Elaine you’d love Photoshop. With its Healing Brush, magic wand, add-anchor tools, … you can scan in sunlight even in the cloudiest, darkest night. Or you can make everything look like the Underworld. It can definitely hold you through to the times the sun comes out again. Counting on it too, cheers.
Robin, what a wonderful photo and story. What you ended up with is rich with beauty and mother-earthiness–Her good bounty rooted, yet ready.
And the perfect image at the end – mother draped in daughter’s red. Red of birth. Red of life.
Thank you.
Oh my gosh Marydiane. You’ve made it even more beautiful. I love “Red of birth. Red of life.” You must be an author or an artist. How chilling. In a good way, I mean. Many thanks.
Robin, I love the way this story evolved–and the image you finally presented us with was so filled with joy and life.

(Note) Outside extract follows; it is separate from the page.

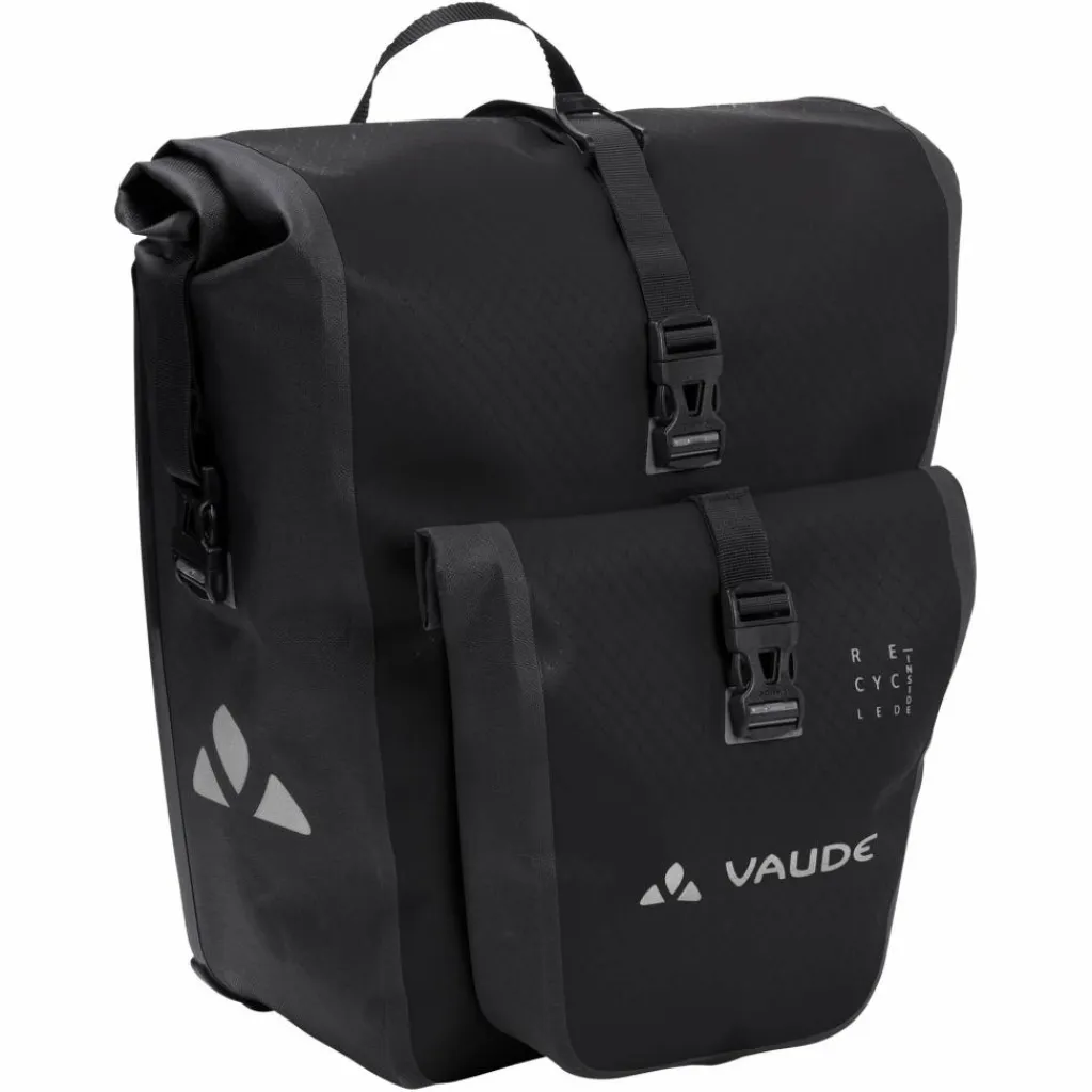 Der Unterschied zur klassischen Vaude Aqua Back Single ist das Zusatz-Außenfach, das aufgeschweißt ist. Dank Rollverschluss hält dieses Fach ebenso dicht wie das Hauptfach. Großes und kleines Fach der Tasche lassen sich mit dem Rollverschluss dicht verschließen. Durch die symmetrische Rückenplatte kannst du die Fahrrad-Gepäcktasche links oder rechts montieren. Eine extra Innentasche schafft Übersicht.

Yes, I too have searched and searched for something like a maniac unable to stop. In fact, in the middle of a siblings reunion at my house this week, my sister gathered all my Leonard Cohen cds and we couldn’t find one I was sure I had. I looked for days and every now and then i get a new idea about where it might be. Going to check one more place right now!
Lynne
There ought to be a pill or something for this type of behavior, don’tcha think? I believe anything by Leonard Cohen is worth spending time searching for but it is definitely scary how driven we can get. Oh, by the way, I found the photo. I was not looking for it when I found it. I was clearing out a cabinet with a friend and I kept finding old photos and there it was. So start looking for your old chili recipe or the book you borrowed and never returned or … And maybe ….
Another winner, Robin. The image was totally unexpected and a perfect evocation of autumn.
Thanks Annette. Did you ever see so many colors in carrots? I just had fun with this one. Cheers for noticing. Hugs.
Hi Annette. Farmers’ Market Carrots. I fell in love with them before noticing how they reflected the fall colors. Hugs.